Kottapalli, Siva Rama Krishna, et al. “Foundation Models for Time Series: A Survey.” arXiv 2025

Abstract

Foundation models for TS

Architecture design
Patch-based vs. Directly on raw TS
Probabilistic vs. Deterministic
Univariate TS vs. Multivariate TS
Lightweight vs.
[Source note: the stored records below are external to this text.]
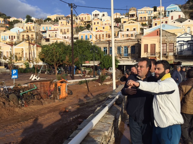 ΔΕΛΤΙΟ ΤΥΠΟΥ-14 Νοεμβρίου 2017-ΜΑΝΟΣ ΚΟΝΣΟΛΑΣ: «Τέσσερα άμεσα μέτρα στήριξης για τη Σύμη, τους πολίτες και τις επιχειρήσεις που υπέστησαν ζημιές από τη θεομηνία» -Στη Σύμη, που υπέστη μεγάλες καταστροφές από τα ακραία καιρικά φαινόμενα, βρίσκεται από νωρίς το πρωί, ο Τομεάρχης Τουρισμού της Νέας Δημοκρατίας και Βουλευτής Δωδεκανήσου, κ. Μάνος Κόνσολας. Ο Βουλευτής, ο οποίος ενημέρωσε και τον Πρόεδρο της Νέας Δημοκρατίας, κ. Κυριάκο Μητσοτάκη, για την κατάσταση που επικρατεί στο νησί, σε δήλωσή του αναφέρει: «Υπάρχουν εικόνες βιβλικής καταστροφής και αυτό που ζητούν οι πολίτες στη Σύμη είναι να εκφραστεί έγκαιρα η αρωγή και η στήριξη της Πολιτείας. Άμεσα θα πρέπει: α) Το νησί να κηρυχθεί σε κατάσταση έκτακτης ανάγκης. β) Να υπάρξει έκτακτη οικονομική ενίσχυση από το Υπουργείο Εσωτερικών στο Δήμο Σύμης για την αποκατάσταση των ζημιών. γ) Να προχωρήσει άμεσα η καταγραφή των ζημιών σε νοικοκυριά και επιχειρήσεις και να υπάρξουν αποζημιώσεις. δ) Να υπάρξει αναστολή στην καταβολή των φορολογικών και ασφαλιστικών υποχρεώσεων των πολιτών και των επιχειρήσεων που υπέστησαν ζημιές». Ο κ. Κόνσολας ενημερώνεται λεπτομερώς για το μέγεθος των ζημιών που προκλήθηκαν, ενώ επισκέφθηκε πολίτες και επιχειρήσεις που υπέστησαν ζημιές από τη θεομηνία.
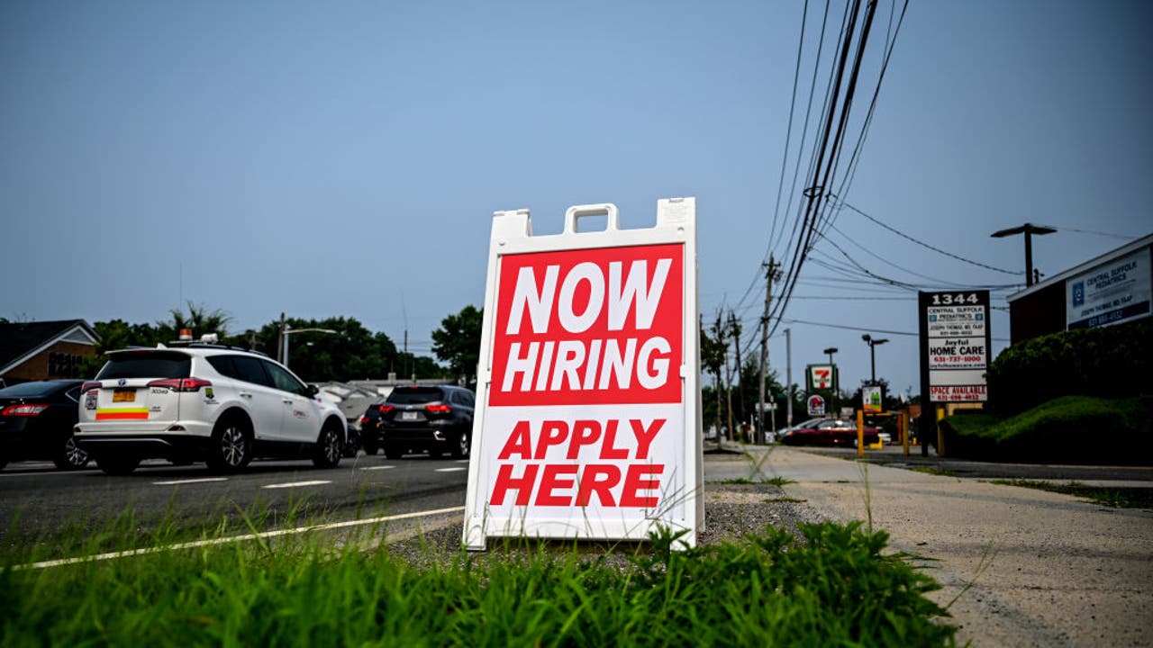 FILE - Photo of a help wanted sign along Middle Country Road in Selden, New York, on July 20, 2021. (Photo by Thomas A. Ferrara/Newsday RM via Getty Images)
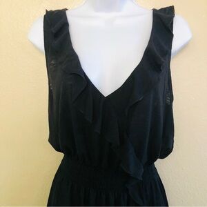 BECCA Black Ruffle Breezy Basics Semi Sheer Coverup Mini Dress Size L
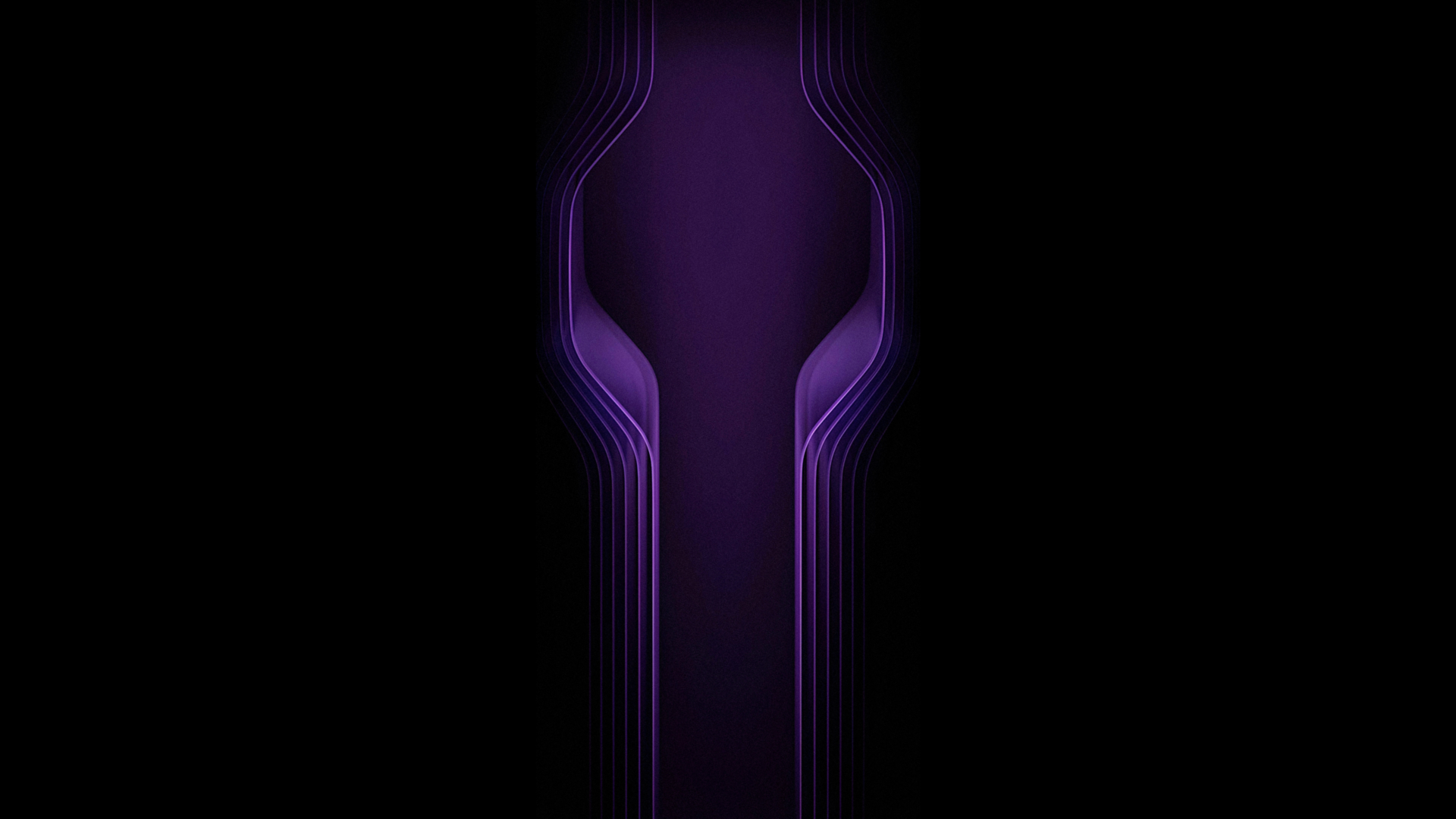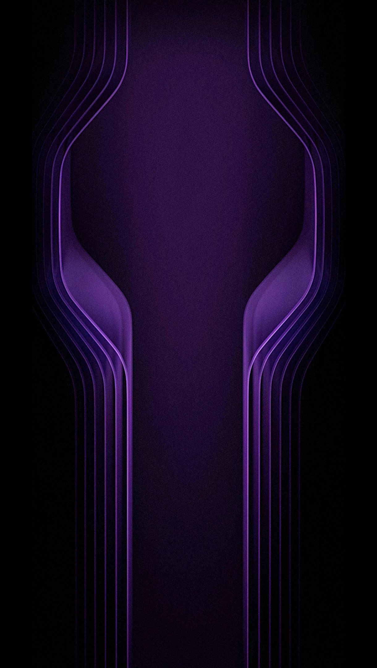 A deep 4K wallpaper displays a central, abstract design of flowing dark purple lines against a minimalist black background. These lines elegantly curve, varying from deep violet to luminous lavender, with a subtle textured gradient creating a sleek, almost three-dimensional effect.
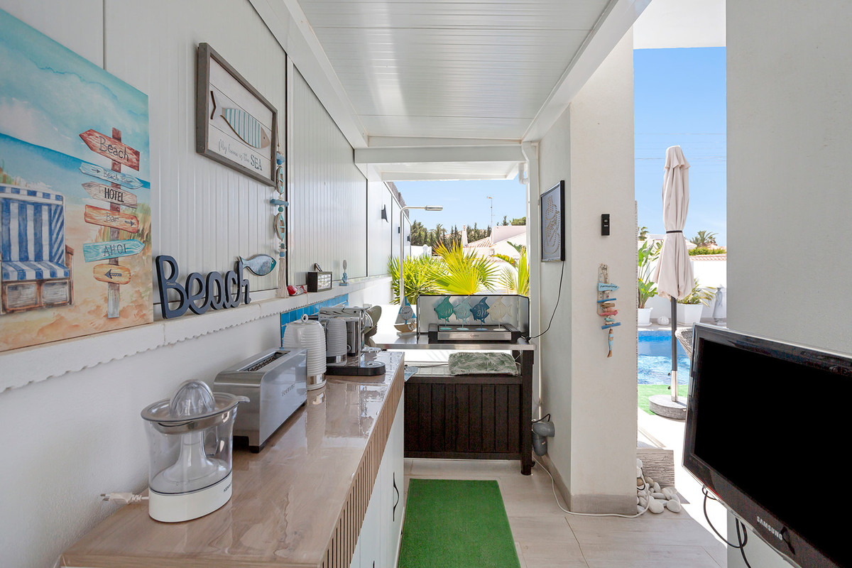 Covered outdoor kitchen.
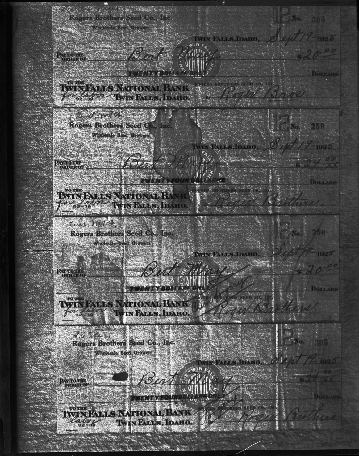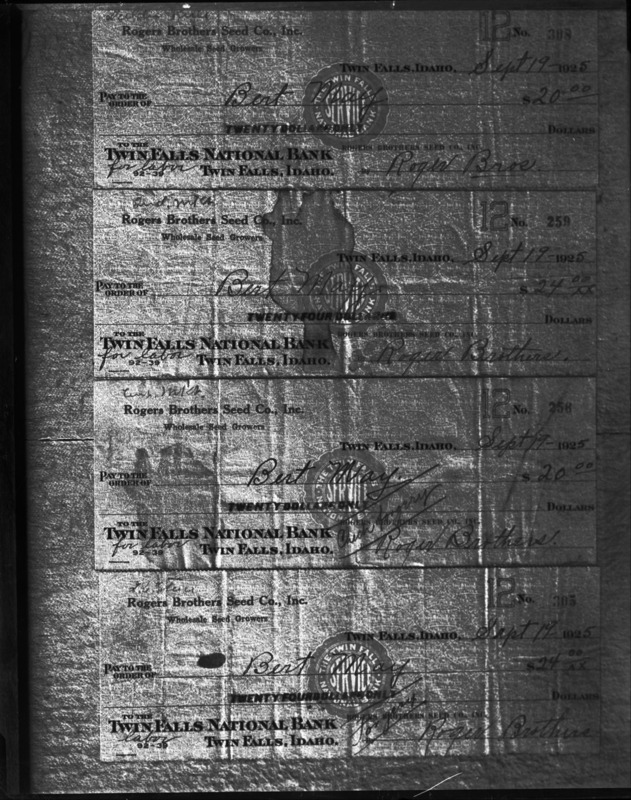 - Four bank checks to Bert May from Rogers Brothers Seed Co., Inc.; written on Twin Falls National Bank.
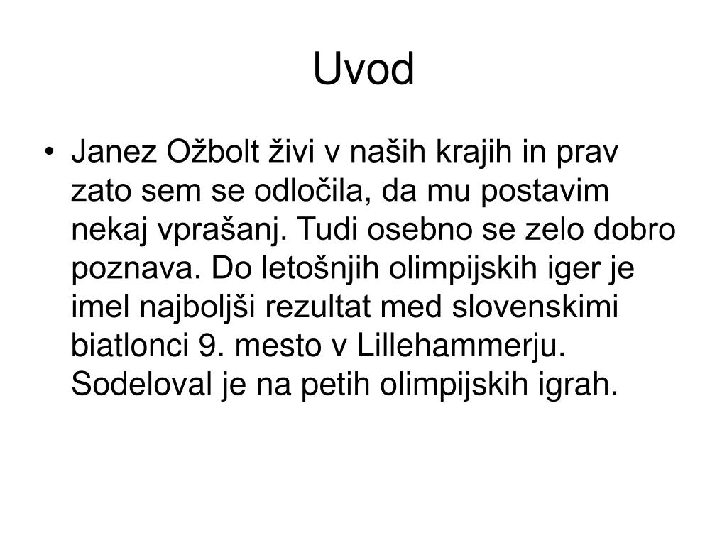 Uvod • Janez Ožbolt živi v naših krajih in prav zato sem se odločila, da mu postavim nekaj vprašanj. Tudi osebno se zelo dobro poznava. Do letošnjih olimpijskih iger je imel najboljši rezultat med slovenskimi biatlonci 9. mesto v Lillehammerju. Sodeloval je na petih olimpijskih igrah.
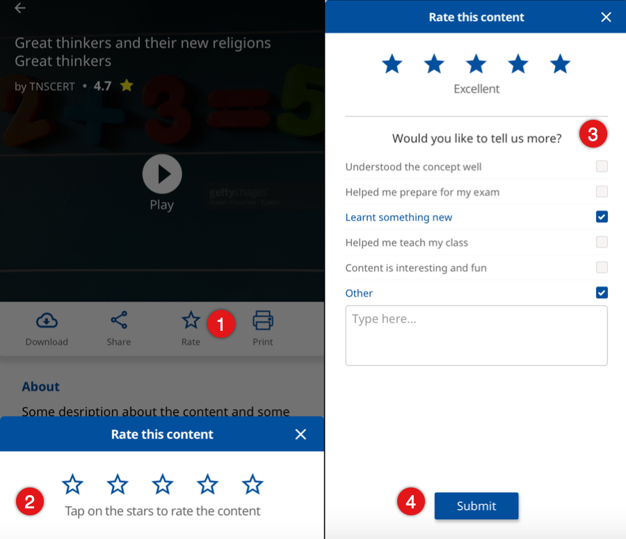 A Rate Content pop up appears where you can rate the course 2. Use the Star icons to rate 3. Provide your feedback in the Feedback field Adding comments as feedback is optional 4. Tap Submit to submit your rating and feedback Note: Rating option is not available for all kind of content apart from HTML content | ![]() |
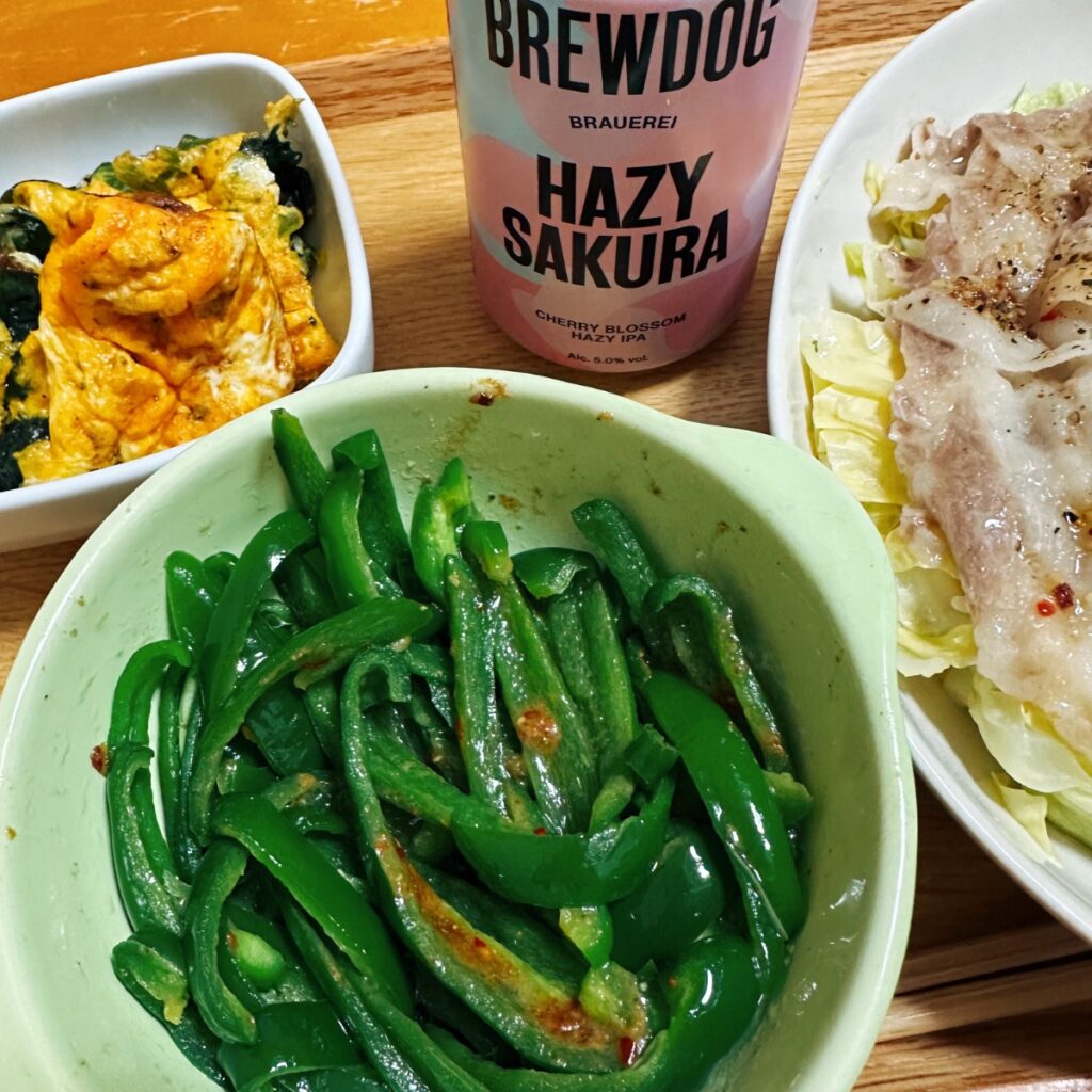 今夜は、ChatGPTに相談して、キャベツと豚肉のレンジ蒸し、ほうれん草の卵焼き、麻辣ピーマンを作りました。
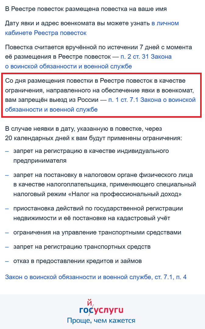 >россиянин невыездной сразу после направления повестки

Large-scale
Type of objective function

1. Introduction

(1) NN for TS Analysis

(2) Transformer Paradigm

(3) Transformer: Foundation Models for TS

2. Background

(1) Unique Characteristics of TS

Sequential Nature
Temporal Dependencies
Multivariate Complexities
Irregular Sampling & Missing Data
Noise & Non-Stationarity
High Dimensionality in Long Sequences

(2) Key Innovations of Transformers

a) Attention mechanism & its role in Sequential data

Attention mechanisms provide the following advantages:

(1) Long-range dependency modeling
(2) Dynamic weighting
(3) Context-aware representations

b) Scalability & Parallelism

(1) Non-sequential processing
(2) Efficient handling of long-sequences
- But \(O(n^2)\) complexity \(\rightarrow\) Sparse atetntion, linear Transformer ..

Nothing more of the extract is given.